• _INFORMATION SHOWN_
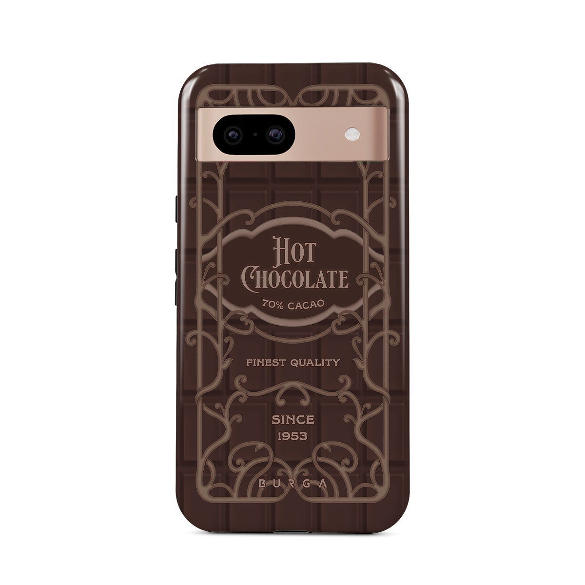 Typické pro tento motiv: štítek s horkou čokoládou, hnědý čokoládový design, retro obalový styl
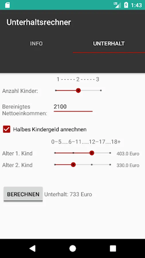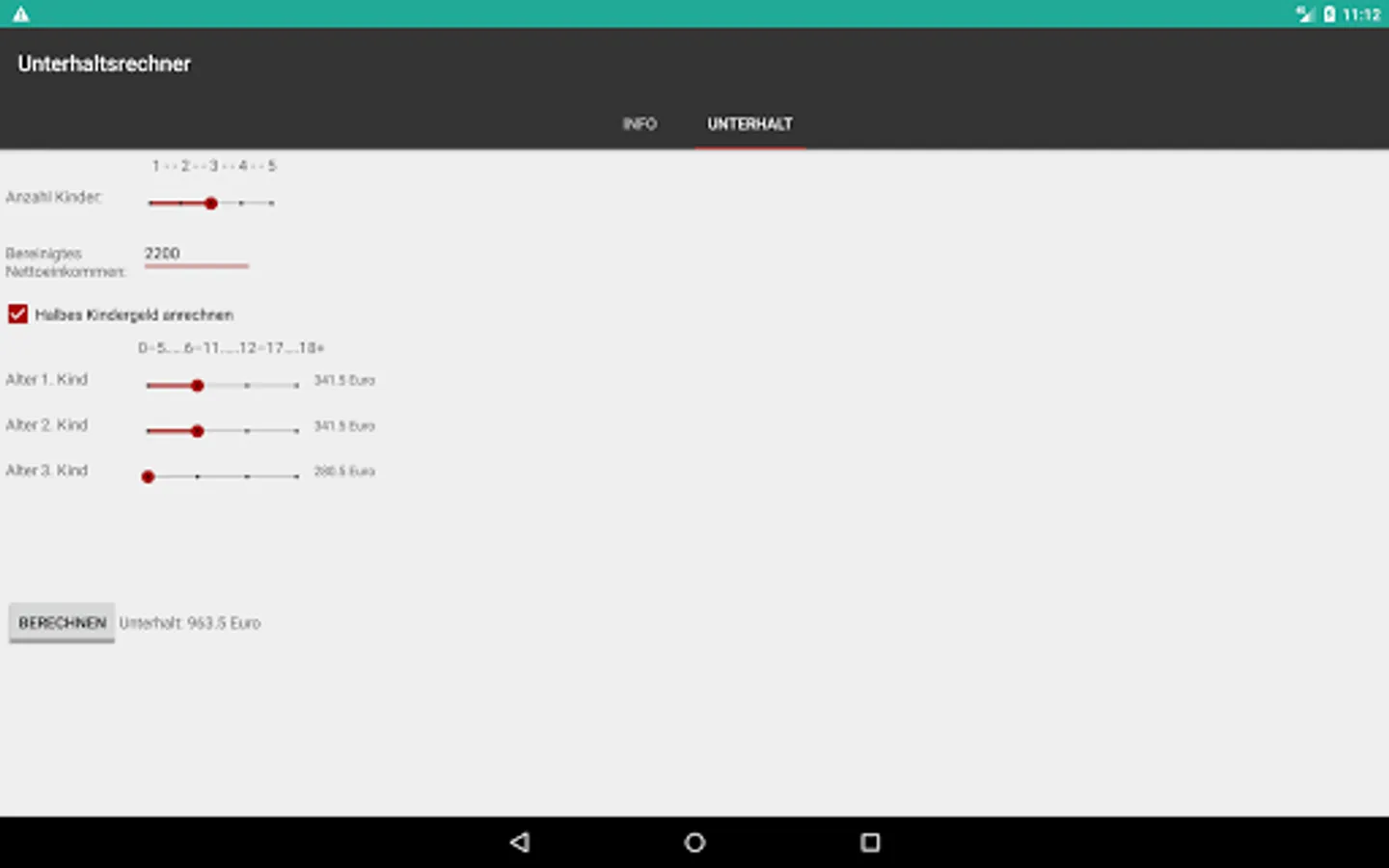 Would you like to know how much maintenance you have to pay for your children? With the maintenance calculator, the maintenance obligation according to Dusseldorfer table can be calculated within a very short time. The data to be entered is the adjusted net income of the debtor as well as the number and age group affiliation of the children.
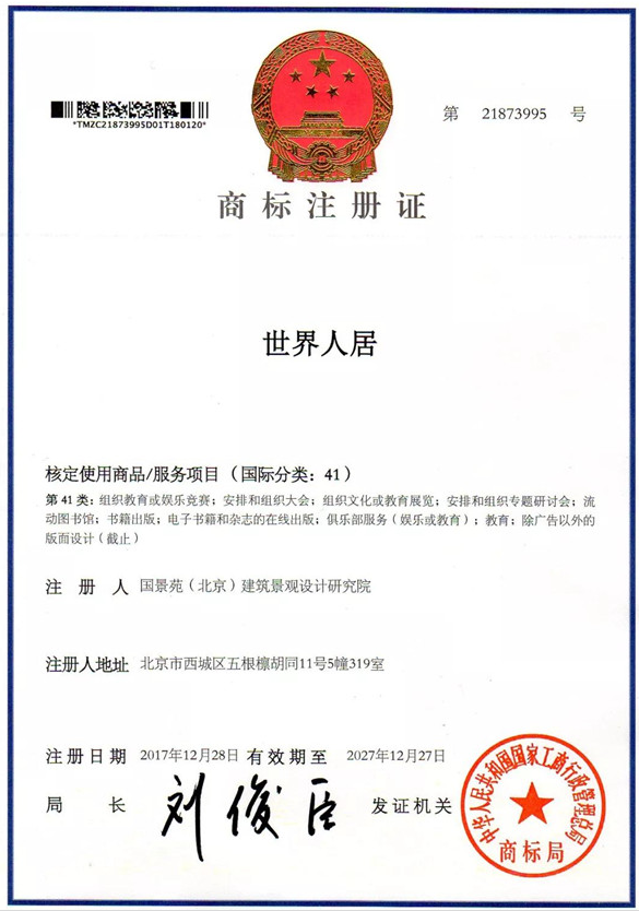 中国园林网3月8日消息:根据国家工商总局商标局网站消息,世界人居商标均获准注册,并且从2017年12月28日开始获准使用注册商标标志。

• _WORK REQUIRED_
The answer should contain all the material above, copied exactly, and no images.

• _TASK RESPONSE_
 Typické pro tento motiv: štítek s horkou čokoládou, hnědý čokoládový design, retro obalový styl
 Would you like to know how much maintenance you have to pay for your children? With the maintenance calculator, the maintenance obligation according to Dusseldorfer table can be calculated within a very short time. The data to be entered is the adjusted net income of the debtor as well as the number and age group affiliation of the children.
 中国园林网3月8日消息:根据国家工商总局商标局网站消息,世界人居商标均获准注册,并且从2017年12月28日开始获准使用注册商标标志。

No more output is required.